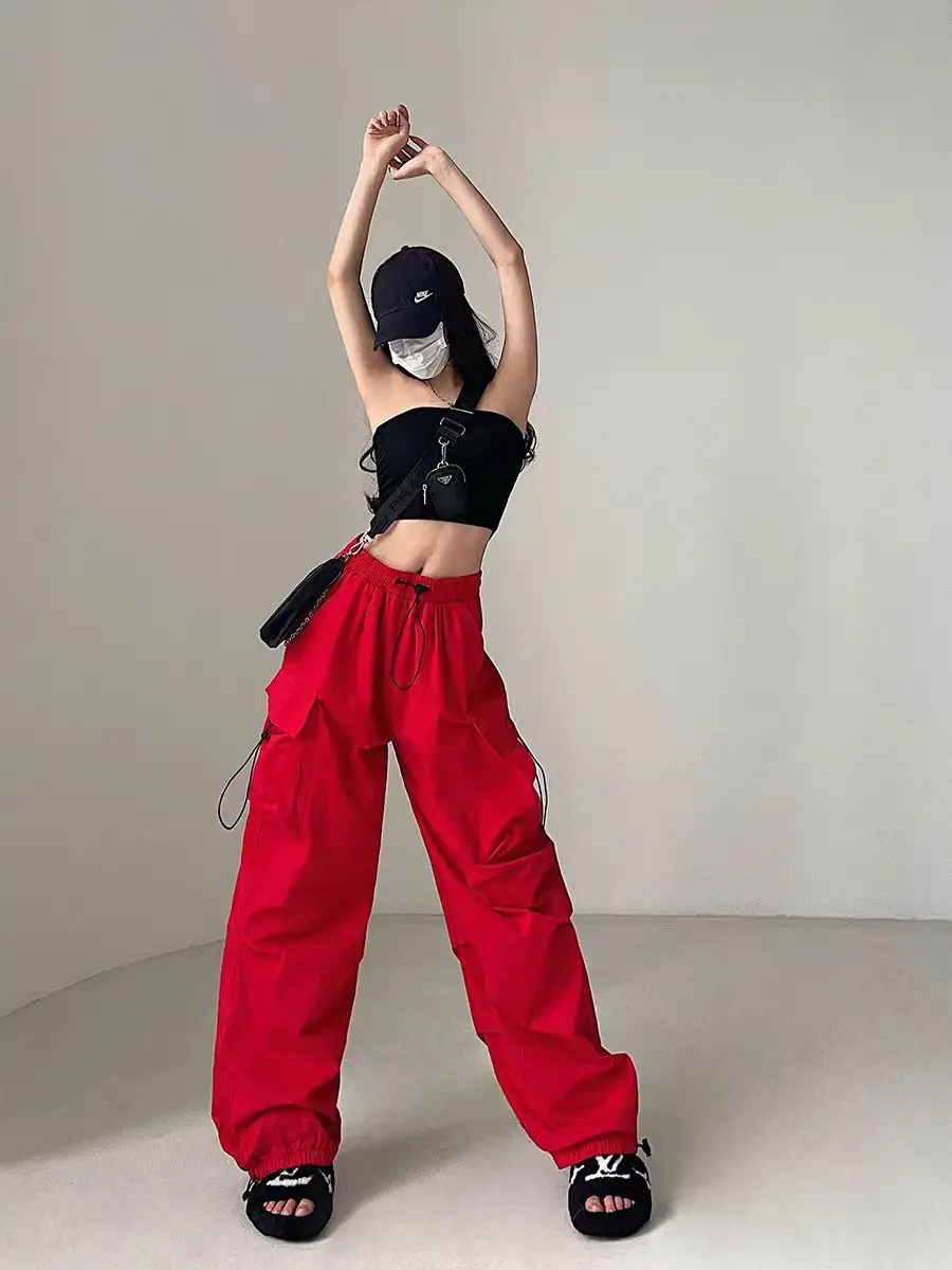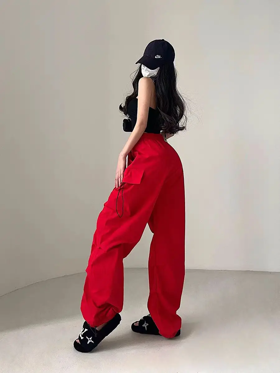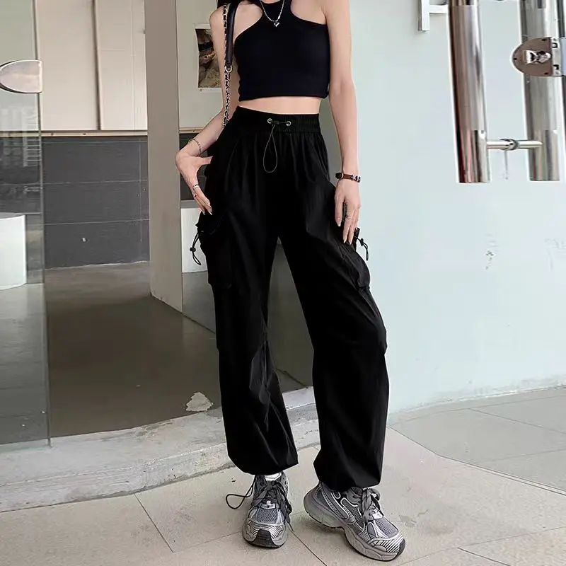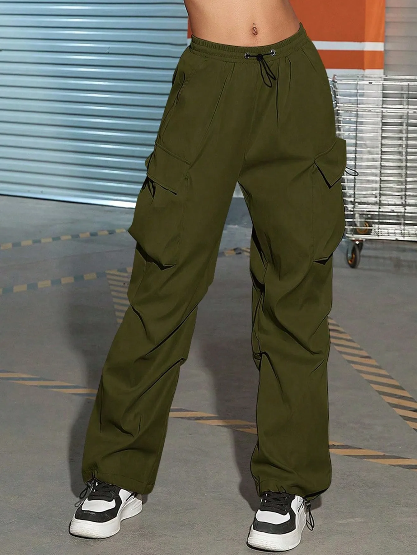 GETADME Drawstring Waist Flap Pocket Side Parachute Cargo Pants
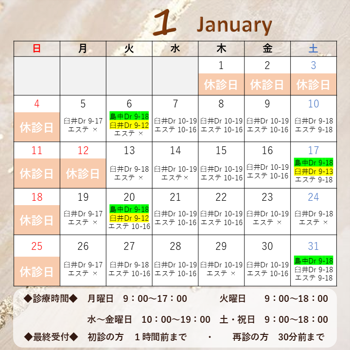 2026年1月より、火曜日と土曜日の診療体制が変更しております。 特に、島中医師の診療をご希望の方はご留意をいただきますよう よろしくお願いいたします。 詳細は、下記をご確認ください。 ☆診療時間表 2026.1改...
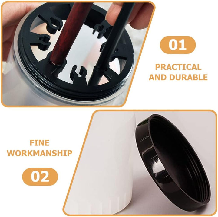 It’s designed with a smart holder lid that keeps brushes upright while drying or soaking.
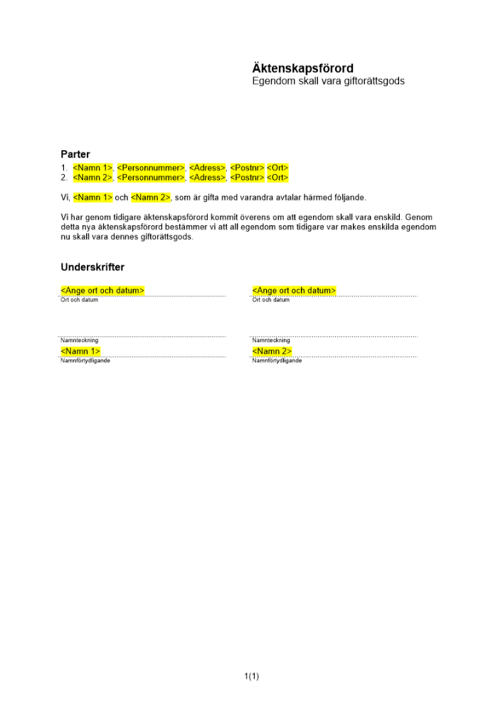 Produkter taggade med 'bröllop Äktenskapsförord äktenskap egendom enskild giftorättsgods under giftorättsgods'
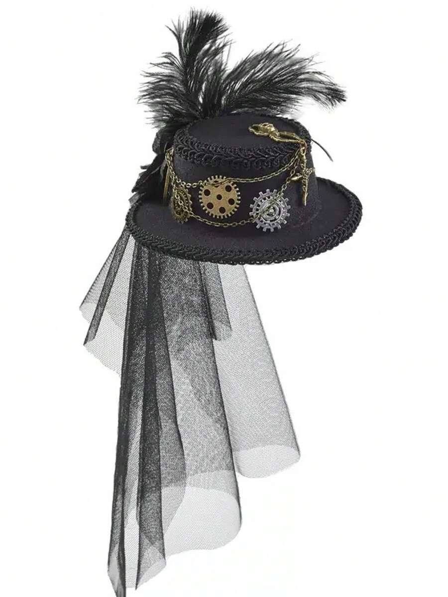 Lolita Lace Feather Gothic Steampunk Gear Chain Headpiece, Performance Prop
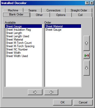 If the decoiler is being used to cut sheet blanks for use on a cutting machine, this tab controls the order in which the sheet blanks will be output in the ASCII file.
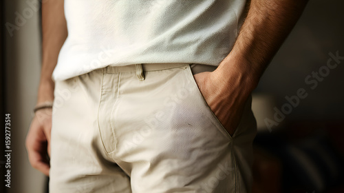 man, pant, pocket, hand, fashion, clothing, style, casual attire, beige, white, t, shirt, male, body, close, up, detail, garment, textile, cotton, clothes rack, apparel, lifestyle, comfort, design, modern, trendy, elegance, simplicity, minimalist, texture, fabric, trousers, khaki, outfit, attire, masculinity, confidence, relaxed, standing, indoor, light, shadow, contemporary, everyday, wear, menswear
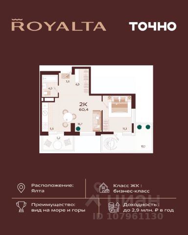More.Yalta — это 8 корпусов высотой 8 этажей. Здесь представлены студии и 13-комнатные апартаменты площадью от 30 до 120 м². Во всех спроектированы балконы, есть варианты с гардеробными, нишами под встроенные шкафы, 2 санузлами. Апартаменты в More.Yalta сдаются с чистовой отделкой, которая включена в цену. Продается 2-комнатная квартира от застройщика в Ялте.
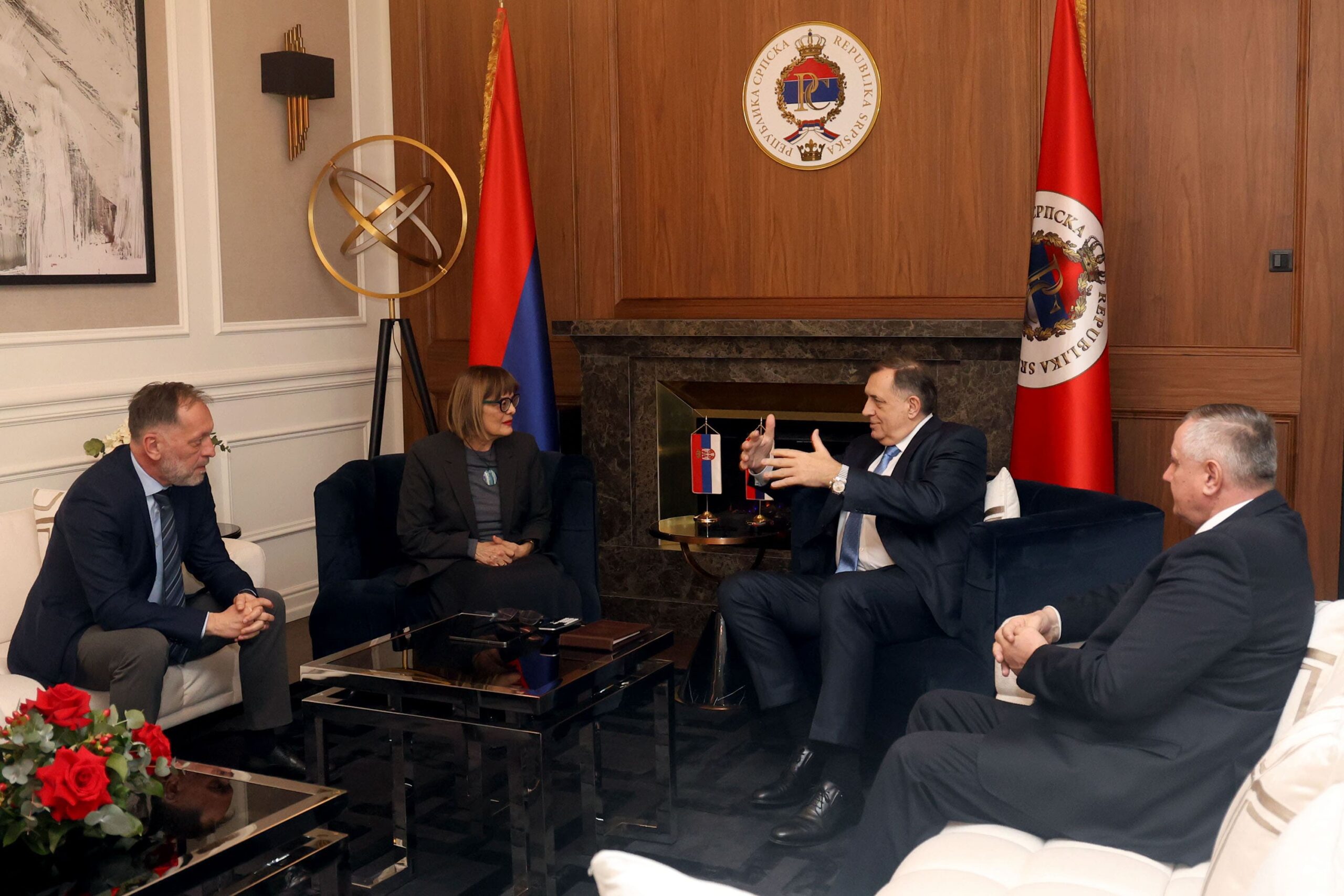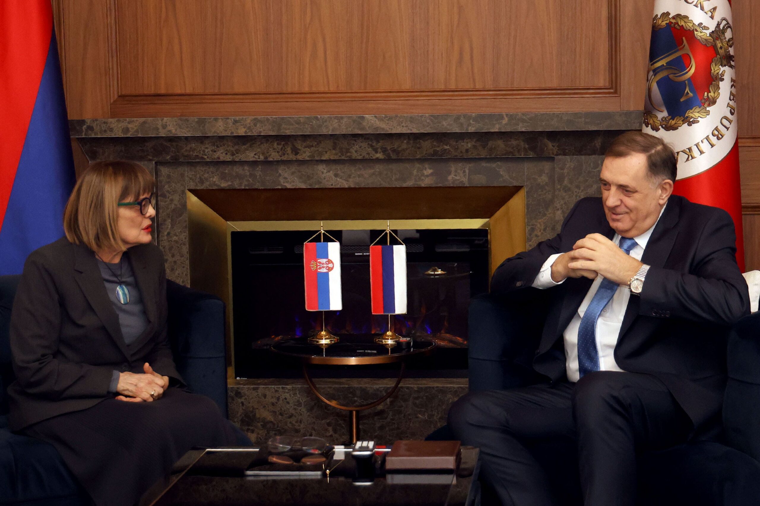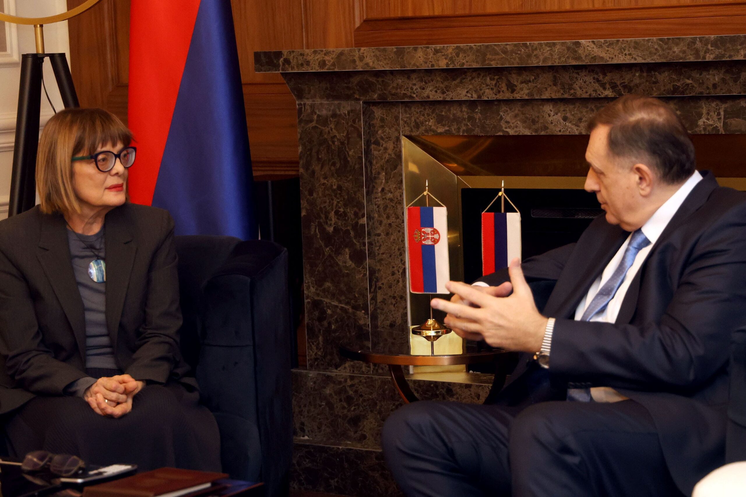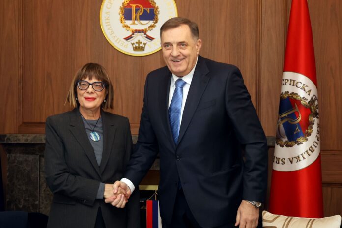 Dodik je danas u Banjaluci razgovarao sa predsjednikom Pokrajinske vlade Vojvodine Majom Gojković, koju je upoznao o odgovoru institucija Republike Srpske na pravno nasilje koje se u kontinuitetu provodi nad Srpskom, a čija je kulminacija politički i montiran proces pred Sudom BiH, saopšteno je iz Kabineta predsjednika Srpske.
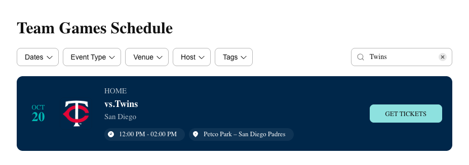 For displaying events filtered by specific Search criteria—such as the keyword 'Twins'—use the following installation code:
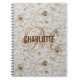 Plannière florale crème avec un arrière - plan en faux cuir à outils et un nom monogramme marron. Personnalisez le nom et l'initiale.
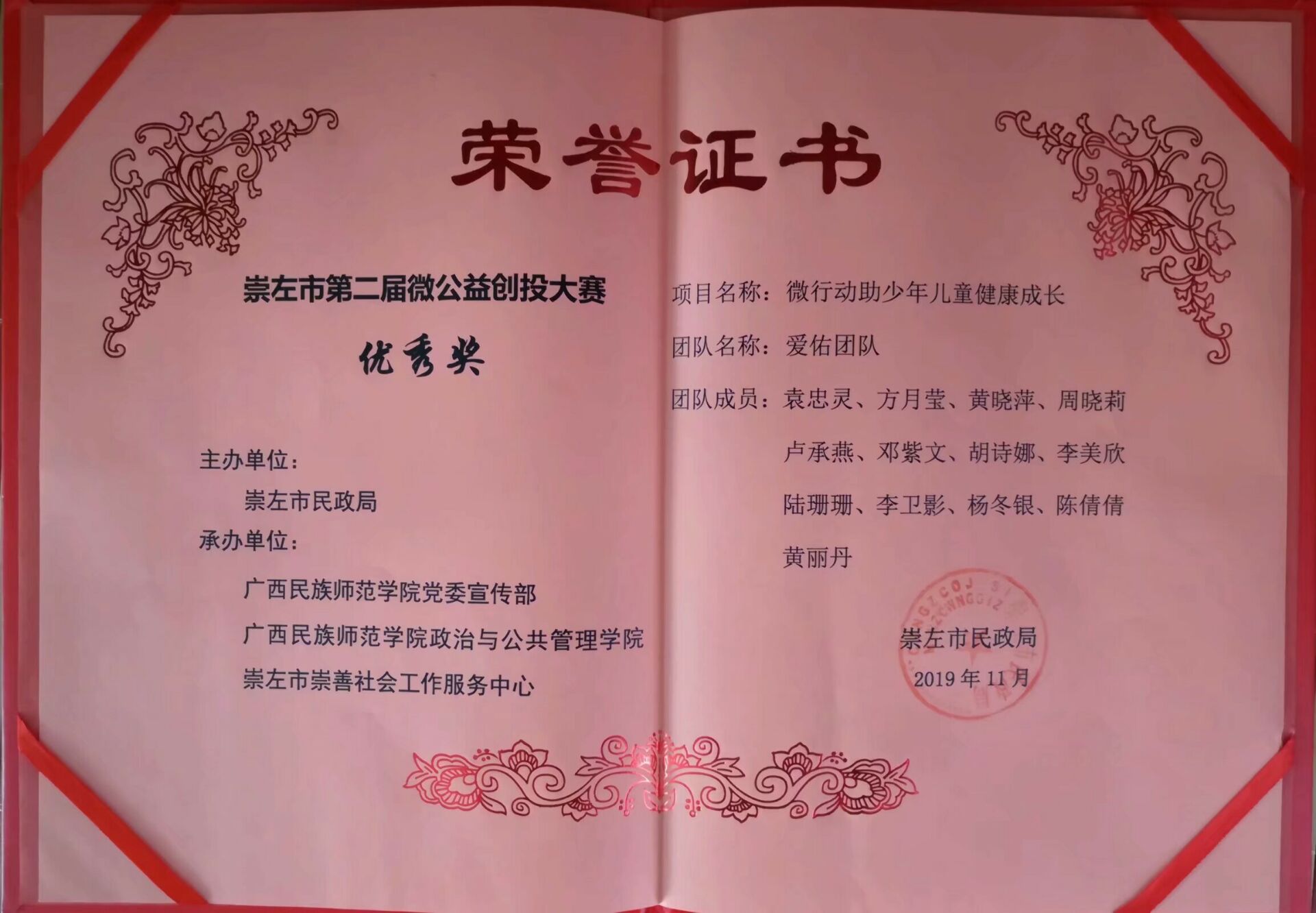 热烈庆祝政管学院爱佑团队荣获崇左市第二届微公益创投大赛“优秀奖”。
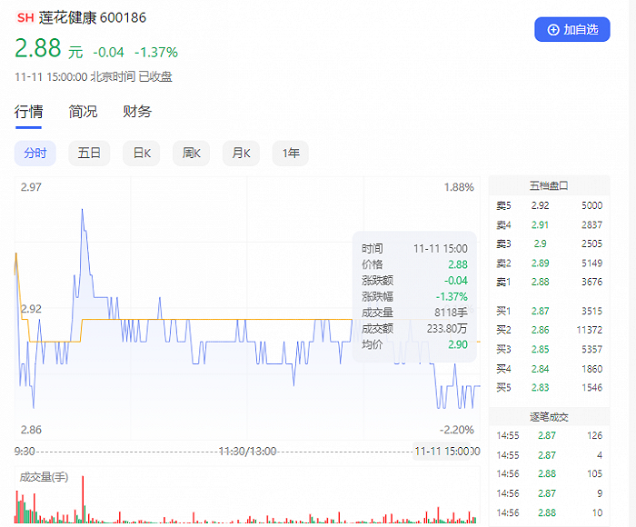 今日收盘2.88元/股,开盘价为2.93元,较昨日下跌1.37%,换手率为2.36%,总市值51.66亿。
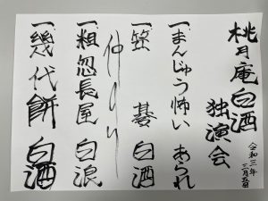 Home イベント 桃月庵白酒 独演会 event 桃月庵白酒 独演会 Share スケジュール チケットを購入する チケット購入ガイドはこちら 演目:「幾代餅」他 20210305演目一覧 基本情報 チケットを購入する チケット購入ガイドはこちら 開催イベント #講座・講演 泉北ニュータウンの名建築講座 栂文化会館 2026/03/20 #ワークショップ 「紐とけば堺2026」関連イベント ミュシャのオリジナルデザインカード作り 堺市立文化館 2026/03/20〜2026/03/22 #講座・講演 絵てがみ教室(火曜コース) 栂文化会館文化講座【令和8年度】 栂文化会館 2026/04/21、2026/05/19、2026/06/16、2026/07/21、2026/08/18、2026/09/15
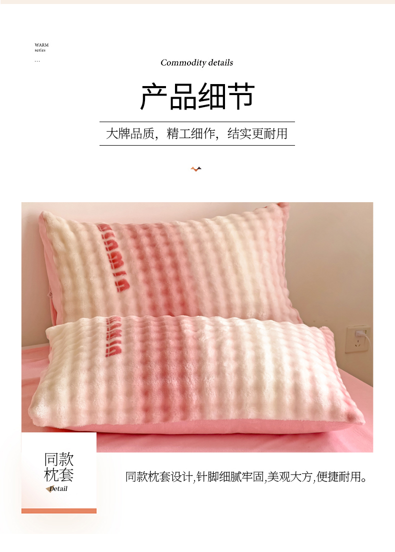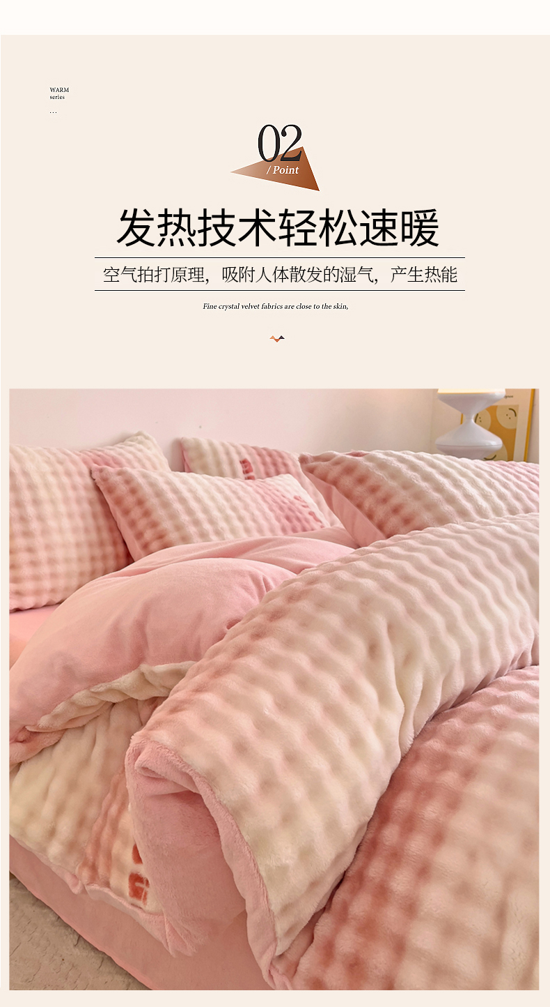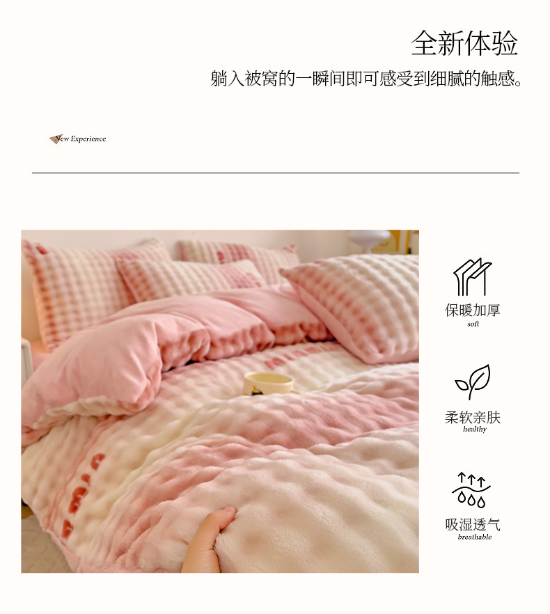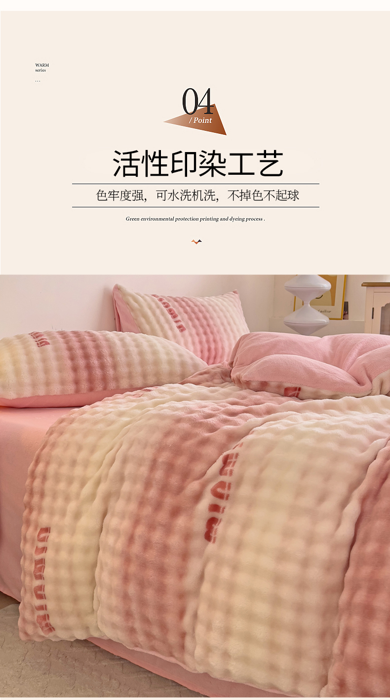 商品名称:金爱家 2024新款A类高克重云朵牛奶泡泡绒四件套 泡泡绒-字母粉
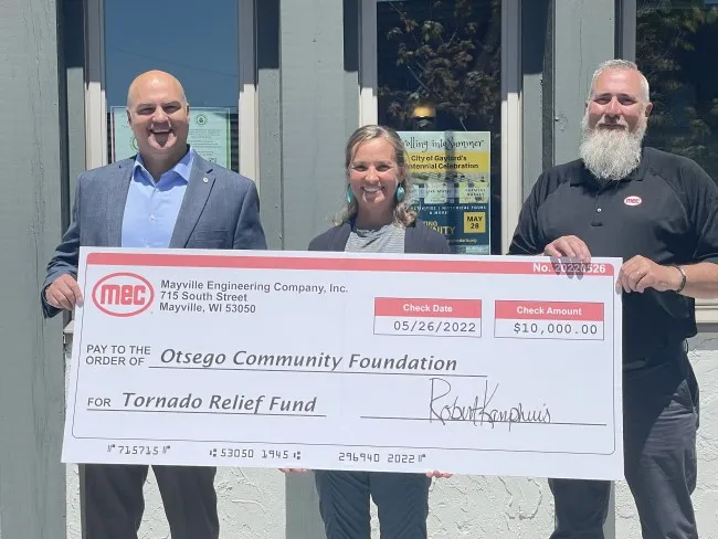 With the county already experiencing a housing shortage, families that have been displaced from their homes are being lodged in local hotels. Some whose workplaces have been destroyed are commuting to sister businesses 40 minutes or more away. MEC donated $10,000 to the Otsego Community Foundation’s Tornado Response Fund to help impacted community members with housing, food, employment and other challenges.
================================
Try it: Output the records above exactly; leave out the pictures.

Answer to the problem:
 GETADME Drawstring Waist Flap Pocket Side Parachute Cargo Pants
 2026年1月より、火曜日と土曜日の診療体制が変更しております。 特に、島中医師の診療をご希望の方はご留意をいただきますよう よろしくお願いいたします。 詳細は、下記をご確認ください。 ☆診療時間表 2026.1改...
 It’s designed with a smart holder lid that keeps brushes upright while drying or soaking.
 Produkter taggade med 'bröllop Äktenskapsförord äktenskap egendom enskild giftorättsgods under giftorättsgods'
 Lolita Lace Feather Gothic Steampunk Gear Chain Headpiece, Performance Prop
 If the decoiler is being used to cut sheet blanks for use on a cutting machine, this tab controls the order in which the sheet blanks will be output in the ASCII file.
 man, pant, pocket, hand, fashion, clothing, style, casual attire, beige, white, t, shirt, male, body, close, up, detail, garment, textile, cotton, clothes rack, apparel, lifestyle, comfort, design, modern, trendy, elegance, simplicity, minimalist, texture, fabric, trousers, khaki, outfit, attire, masculinity, confidence, relaxed, standing, indoor, light, shadow, contemporary, everyday, wear, menswear
More.Yalta — это 8 корпусов высотой 8 этажей. Здесь представлены студии и 13-комнатные апартаменты площадью от 30 до 120 м². Во всех спроектированы балконы, есть варианты с гардеробными, нишами под встроенные шкафы, 2 санузлами. Апартаменты в More.Yalta сдаются с чистовой отделкой, которая включена в цену. Продается 2-комнатная квартира от застройщика в Ялте.
 Dodik je danas u Banjaluci razgovarao sa predsjednikom Pokrajinske vlade Vojvodine Majom Gojković, koju je upoznao o odgovoru institucija Republike Srpske na pravno nasilje koje se u kontinuitetu provodi nad Srpskom, a čija je kulminacija politički i montiran proces pred Sudom BiH, saopšteno je iz Kabineta predsjednika Srpske.
 For displaying events filtered by specific Search criteria—such as the keyword 'Twins'—use the following installation code:
 Plannière florale crème avec un arrière - plan en faux cuir à outils et un nom monogramme marron. Personnalisez le nom et l'initiale.
 热烈庆祝政管学院爱佑团队荣获崇左市第二届微公益创投大赛“优秀奖”。
 今日收盘2.88元/股,开盘价为2.93元,较昨日下跌1.37%,换手率为2.36%,总市值51.66亿。
 Home イベント 桃月庵白酒 独演会 event 桃月庵白酒 独演会 Share スケジュール チケットを購入する チケット購入ガイドはこちら 演目:「幾代餅」他 20210305演目一覧 基本情報 チケットを購入する チケット購入ガイドはこちら 開催イベント #講座・講演 泉北ニュータウンの名建築講座 栂文化会館 2026/03/20 #ワークショップ 「紐とけば堺2026」関連イベント ミュシャのオリジナルデザインカード作り 堺市立文化館 2026/03/20〜2026/03/22 #講座・講演 絵てがみ教室(火曜コース) 栂文化会館文化講座【令和8年度】 栂文化会館 2026/04/21、2026/05/19、2026/06/16、2026/07/21、2026/08/18、2026/09/15
 商品名称:金爱家 2024新款A类高克重云朵牛奶泡泡绒四件套 泡泡绒-字母粉
 With the county already experiencing a housing shortage, families that have been displaced from their homes are being lodged in local hotels. Some whose workplaces have been destroyed are commuting to sister businesses 40 minutes or more away. MEC donated $10,000 to the Otsego Community Foundation’s Tornado Response Fund to help impacted community members with housing, food, employment and other challenges.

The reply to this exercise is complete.